The Diamond Creek gauge (on the main Colorado below Havasu) only went up about 4,000 cfs on that event. In this case, that means the difference between running Lava at 18k and at 22k -- not terribly much. 

But in the much smaller Havasu canyon -- and particularly at the narrows at the mouth -- 4k cfs would have been a big thing.

For folks who haven't been there, the ledges at the mouth of Havasu are ample in width and length. Unless something really unusual happened, the stranded boaters would have had plenty of space to wait. And of course the downstream boating traffic would have continued unabated, so it wasn't like they were going to be there all alone for very long.

Still, it would have been a terrifying and potentially deadly situation. Sure glad it seems that everyone came out OK physically. Hopefully no-one was traumatized too badly by the experience.

Rich Phillips
VP, GCPBA
gcpba.org


----------



## original durangotang (Jul 11, 2008)

I recall a commercial trip where Diamond Creek flash flooded and one member of the party spent 2 hours with finger and foot holds on a cliff down there.

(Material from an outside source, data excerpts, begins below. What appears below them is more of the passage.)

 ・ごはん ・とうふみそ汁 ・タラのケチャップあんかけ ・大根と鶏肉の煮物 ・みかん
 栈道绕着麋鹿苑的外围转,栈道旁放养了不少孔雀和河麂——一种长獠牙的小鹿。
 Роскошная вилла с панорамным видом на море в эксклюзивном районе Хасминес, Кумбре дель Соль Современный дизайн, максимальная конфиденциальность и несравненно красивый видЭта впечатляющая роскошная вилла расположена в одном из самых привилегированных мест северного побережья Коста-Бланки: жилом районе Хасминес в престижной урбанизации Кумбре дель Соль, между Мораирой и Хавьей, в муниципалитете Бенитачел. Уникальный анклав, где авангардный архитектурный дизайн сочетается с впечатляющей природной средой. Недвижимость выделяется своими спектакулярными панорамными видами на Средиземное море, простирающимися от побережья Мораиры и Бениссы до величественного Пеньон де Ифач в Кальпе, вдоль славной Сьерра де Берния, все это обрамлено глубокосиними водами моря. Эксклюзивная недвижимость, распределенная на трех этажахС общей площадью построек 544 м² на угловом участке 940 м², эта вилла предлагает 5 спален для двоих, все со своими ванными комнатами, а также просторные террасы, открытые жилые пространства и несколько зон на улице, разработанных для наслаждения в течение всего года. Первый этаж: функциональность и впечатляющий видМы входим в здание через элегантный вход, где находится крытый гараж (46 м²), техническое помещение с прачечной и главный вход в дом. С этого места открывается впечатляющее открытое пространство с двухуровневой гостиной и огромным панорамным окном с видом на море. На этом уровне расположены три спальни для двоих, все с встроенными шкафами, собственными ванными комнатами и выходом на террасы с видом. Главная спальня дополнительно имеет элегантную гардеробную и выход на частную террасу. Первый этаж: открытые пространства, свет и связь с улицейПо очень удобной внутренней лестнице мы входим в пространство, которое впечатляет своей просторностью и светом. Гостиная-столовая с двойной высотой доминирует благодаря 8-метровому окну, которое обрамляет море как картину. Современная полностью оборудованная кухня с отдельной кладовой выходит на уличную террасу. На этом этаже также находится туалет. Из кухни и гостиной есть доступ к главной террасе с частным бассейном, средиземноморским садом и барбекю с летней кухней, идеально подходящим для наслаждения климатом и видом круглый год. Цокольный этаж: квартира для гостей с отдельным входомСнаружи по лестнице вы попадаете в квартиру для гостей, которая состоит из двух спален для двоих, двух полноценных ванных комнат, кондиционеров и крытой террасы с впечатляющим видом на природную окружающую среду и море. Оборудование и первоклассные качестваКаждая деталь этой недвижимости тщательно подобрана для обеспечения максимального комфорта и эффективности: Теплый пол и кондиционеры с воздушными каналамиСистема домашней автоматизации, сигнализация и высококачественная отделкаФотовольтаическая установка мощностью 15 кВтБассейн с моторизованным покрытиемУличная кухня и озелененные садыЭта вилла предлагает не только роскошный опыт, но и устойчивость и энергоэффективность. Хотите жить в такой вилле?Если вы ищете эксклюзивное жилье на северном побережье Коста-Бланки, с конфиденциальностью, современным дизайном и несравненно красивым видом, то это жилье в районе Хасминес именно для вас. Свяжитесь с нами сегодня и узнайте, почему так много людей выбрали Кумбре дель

It depends where the people were when Havasu flooded. There could be some very sketchy places to trapped.

The result of the flash flood in Diamond Creek is vivid in my mind because I remember seeing their bus in the Colorado River.

All we could see were 4 tires sticking under the surface of the water.


----------



## richp (Feb 27, 2005)

Hi,

Yes, certainly there are spots in there where you would not want to be in a 4k flash. Lots of thankfulness that no-one from the boat party was harmed, but from the most recent news reports, not everyone farther up the canyon has been accounted for.

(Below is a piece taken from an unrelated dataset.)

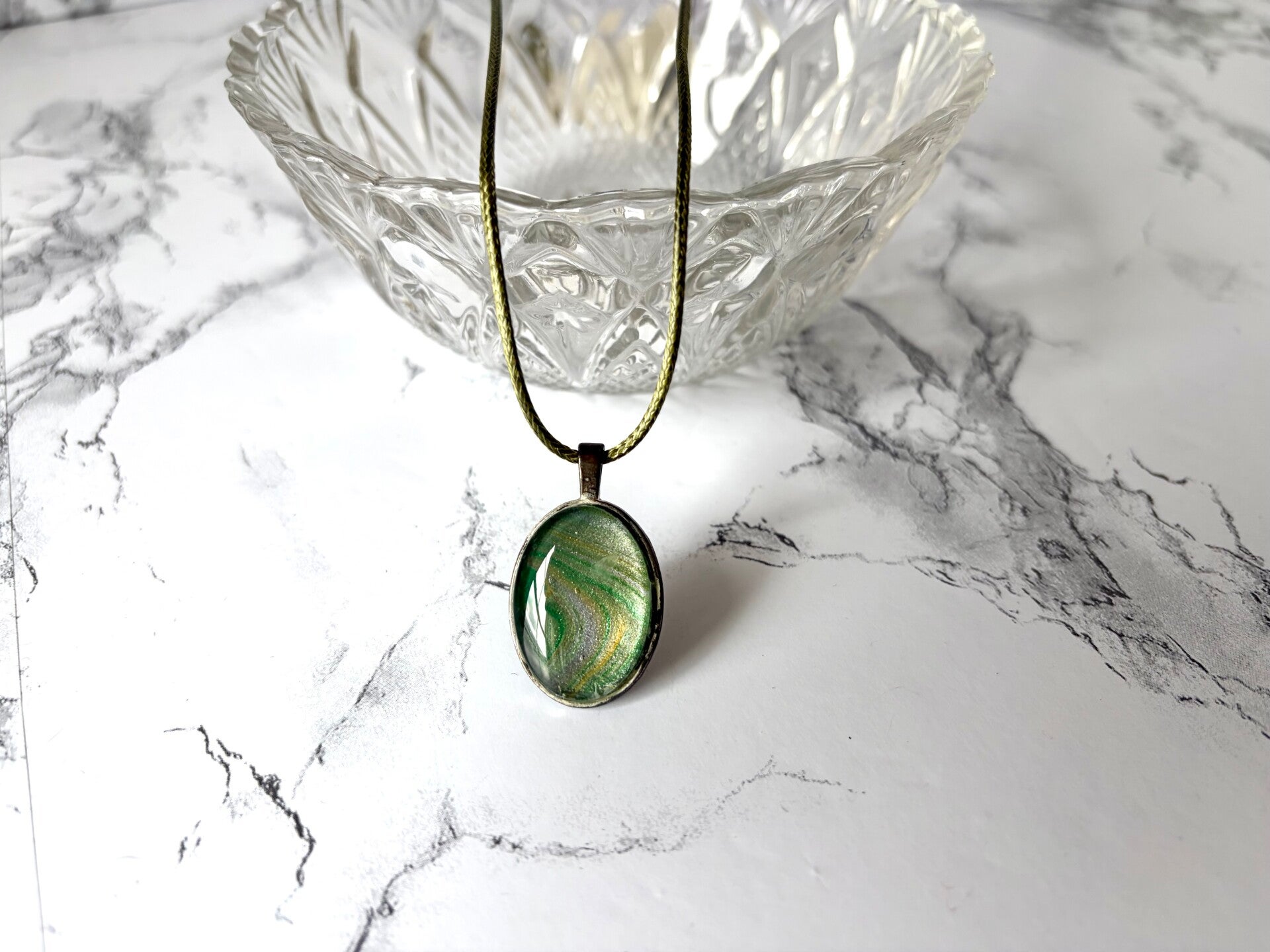 This piece is from a paint pour using all shimmer paints in greens, pink and yellow.

However, reliable river lore (there's an oxymoron for you) declares that the bus/truck had a great run down Diamond and into the Colorado....

Rich Phillips


----------



## CanyonEJ (Jul 28, 2008)

Just got this email. Nothing new, but the first official word from the NPS.

> ______________________________________________
>
> Rescue Operation in Supai Village Continues
>
> Flagstaff, AZ- As of 8:30 pm on Sunday, August 17, 170 occupants of the Supai Village and campground have been safely airlifted to the Hualapai Hilltop area and subsequently bussed to an American Red Cross, evacuation reception center at a tribal gymnasium in Peach Springs, Arizona.

Rescuers from nine public safety organizations have worked together throughout the day to locate campers and village residents and safely transport them to the top of the canyon. Air operations involving at least five helicopters from the Arizona Department of Public Safety and the Arizona National
Guard were suspended late Sunday due to darkness and the nature of the terrain of the canyon.

Coconino County Sheriff’s Deputies, BIA Police Officers, and US Deputy Marshals have been inserted into the canyon and will remain there throughout the night to maintain public safety and closely monitor the current weather conditions and the water level. Rescuers will reevaluate existing weather conditions and the level of flood waters at first light on Monday morning and make a decision regarding whether or not to resume air evacuations. Some individuals who were believed to be in the canyon at the time of the flooding are currently unaccounted for. Rescuers conducted an extensive search for those missing individuals today and will continue their efforts throughout tomorrow.

Several storms have passed over Northern Arizona during the last several days releasing significant rainfall. Additionally, at 6:00 am this
morning, Coconino County Officials learned that a small earthen dam was breached, allowing additional water to flow down Cataract Canyon in a westerly direction eventually feeding into Supai Canyon. Flooding in Supai Canyon and the potential for additional flooding necessitated the evacuation of approximately 170 campers and full time residents.

Members of the public with questions regarding the location of people who may have been in the area are advised to call the American Red Cross Evacuation Center at (928-769-2654.

> # # #
>
> SHANNAN D. MARCAK
> Public Affairs Specialist
> Grand Canyon National Park
> (928-638-7958
> [email protected]


----------



## original durangotang (Jul 11, 2008)

I have flood envy.

While I am very happy that no one was hurt in Havasu I would sure like to see some of that rain come our way, to the Animas/San Juan.

It seems there is major rain in every direction. North South East and West. But not on our watersshed.

i suspect we have been cursed.

And the curse has a name: The Animas La Plata Project.

God is not happy with that boondoggle.


----------



## rafterbrooks (Nov 6, 2004)

I have a friend who was with that commercial trip at Diamond. You can read about it in "Death in the Grand Canyon"- Close calls section. I believe that it happened last year also were the gear was swept away and the peeps had to motor to South cove without gear with the Haulipi


original durangotang said:


> I recall a commercial trip where Diamond Creek flash flooded and one member of the party spent 2 hours with finger and foot holds on a cliff down there.
> 
> It depends where the people were when Havasu flooded. There could be some very sketchy places to trapped.
> 
> ...


----------